Previous Post
Planning a vacation with Splitgraph and Observable
May 4, 2022 · By Artjoms Iškovs
READING TIME: 9 min

splitgraph.yml: Terraform for your data stack

We showcase the splitgraph.yml format, which lets you programmatically manage your datasets on Splitgraph, change their data source settings and define dbt transformations.

What is Splitgraph?

Splitgraph is building the Unified Data Stack – an integrated and modern solution for working with data without worrying about its infrastructure.

You can try Splitgraph now! Browse the public data catalog to discover 40,000+ repositories to query with SQL, through the web IDE or any Postgres client.

Introduction

There is a trend in data engineering to apply best practices from software engineering, for example, version control and code reviews. Splitgraph itself was originally inspired by Git and Docker, both famous developer tools.

Another DevOps tool we like is Terraform: it lets you use a declarative configuration language to define your cloud infrastructure. Terraform then takes care of interpreting this configuration and calling cloud vendor-specific APIs to create/destroy resources and align the real state of the world with the desired configuration.

We built something similar for the data stack: splitgraph.yml, or Splitgraph Cloud project files.

You can think of splitgraph.yml as a Terraform file that lets you programmatically configure a dataset in Splitgraph, including its:

  • metadata (README, tags, description)
  • data source settings (databases, SaaS services, flat files)
  • ingestion schedule
  • dbt transformations

We use this format ourselves to declare data ingestion pipelines with Airbyte, build our own data warehouse with dbt and organize them in our Splitgraph data catalog (see a previous blog post for more details!)
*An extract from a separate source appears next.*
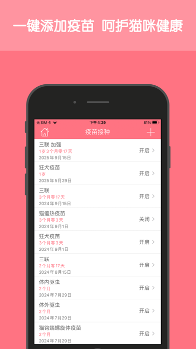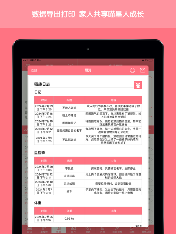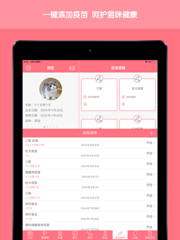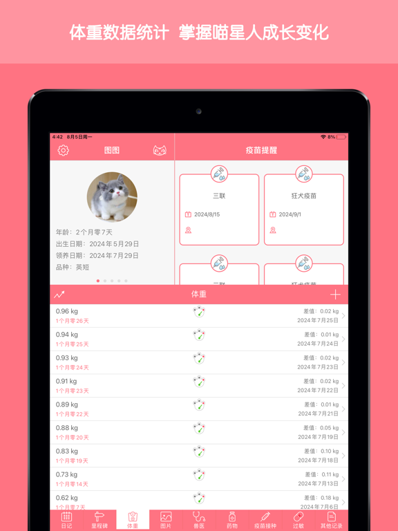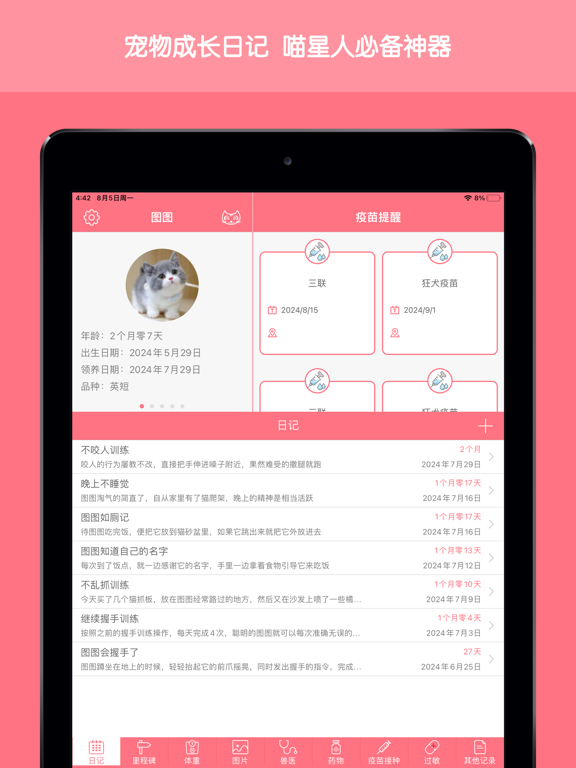 猫趣日志 是一款专为猫主人设计的应用程序,使用此应用程序,您可以跟踪猫的日常生活并与家人和朋友分享您的猫。它可在 iPhone 和 iPad 上使用。 您可以写猫的日记,记录宠物的成长里程碑并添加照片作为纪念品,跟踪猫的体重,保存猫的照片,并跟踪猫的兽医、药物、疫苗接种、过敏和其他与您的宠物相关的信息。使用此应用程序,您可以与家人和朋友分享您猫的日常。 主要功能: - 为你的猫写日记。 - 记录猫的成长里程碑,出生、长出新牙、坠入爱河等,您还可以在此模块上添加照片作为纪念品。 - 跟踪猫的体重(公斤或磅)。 - 将猫的照片存储为她的个人相册。 - 编辑兽医信息,如姓名、电话号码、地址和其他备注。 - 跟踪猫咪用药信息,如药物名称、剂量、频率、副作用等。 - 跟踪猫咪疫苗信息。 - 跟踪猫咪过敏信息。 - 编辑您希望存储给猫咪的其他信息。 - 添加疫苗提醒。 - 支持 WiFi 备份和恢复。 - 支持 Dropbox 备份和恢复。 - 支持通过电子邮件导出数据。 - 支持 iPhone 和 iPad 版本。 如果您有任何问题或建议,请直接发送邮件至 userfeed@vip.tom.com ,谢谢!⁃ 兼容了iOS 18。 ⁃ 增加了加泰罗尼亚语、丹麦语、希伯来语、匈牙利语、罗马尼亚语、斯洛伐克语、瑞典语、西班牙语和越南语。 ⁃ 修正了一些小问题。

In this post, we'll talk about how you can use splitgraph.yml to define your own data pipeline and show an end-to-end example that ingests some sample data from Socrata and transforms it using dbt.

Example splitgraph.yml file

Here is a basic example that builds two Splitgraph repositories:

repositories:
- namespace: splitgraph-demo
  repository: for-hire-vehicles
  # Catalog-specific metadata for the repository.
  metadata:
    readme:
      text: For more information, see https://www.splitgraph.com/cityofnewyork-us/for-hire-vehicles-fhv-active-8wbx-tsch
    description: New York Active For Hire Vehicles
    topics:
    - socrata
    - new york
  # Data source settings
  external:
    plugin: csv
    params:
      connection:
        connection_type: "http"
        url: ""  # Will be overridden by the individual table
    tables:
      vehicles:
        options:
          url: "https://data.cityofnewyork.us/api/views/8wbx-tsch/rows.csv?accessType=DOWNLOAD"
        # Schema of the table (set to [] to infer)
        schema: []
    # Enable live querying for the plugin (creates a "live" tag in the
    # repository proxying to the data source).
    is_live: true

# dbt model that processes the previous repository
- namespace: splitgraph-demo
  repository: for-hire-vehicles-summary
  external:
    plugin: dbt
    credential: dbt-sample
    params:
      sources:
      # Map dbt source names to Splitgraph repositories
      - dbt_source_name: for_hire_vehicles
        namespace: splitgraph-demo
        repository: for-hire-vehicles
        hash_or_tag: latest
      git_branch: $THIS_SHA
    is_live: false
    tables: {}
  metadata:
    description: Sample dbt model
    readme:
      text: "## Sample dbt model\n\nThis is a model referencing data\
        \ from:\n\n  * [/splitgraph-demo/for-hire-vehicles](/splitgraph-demo/for-hire-vehicles)"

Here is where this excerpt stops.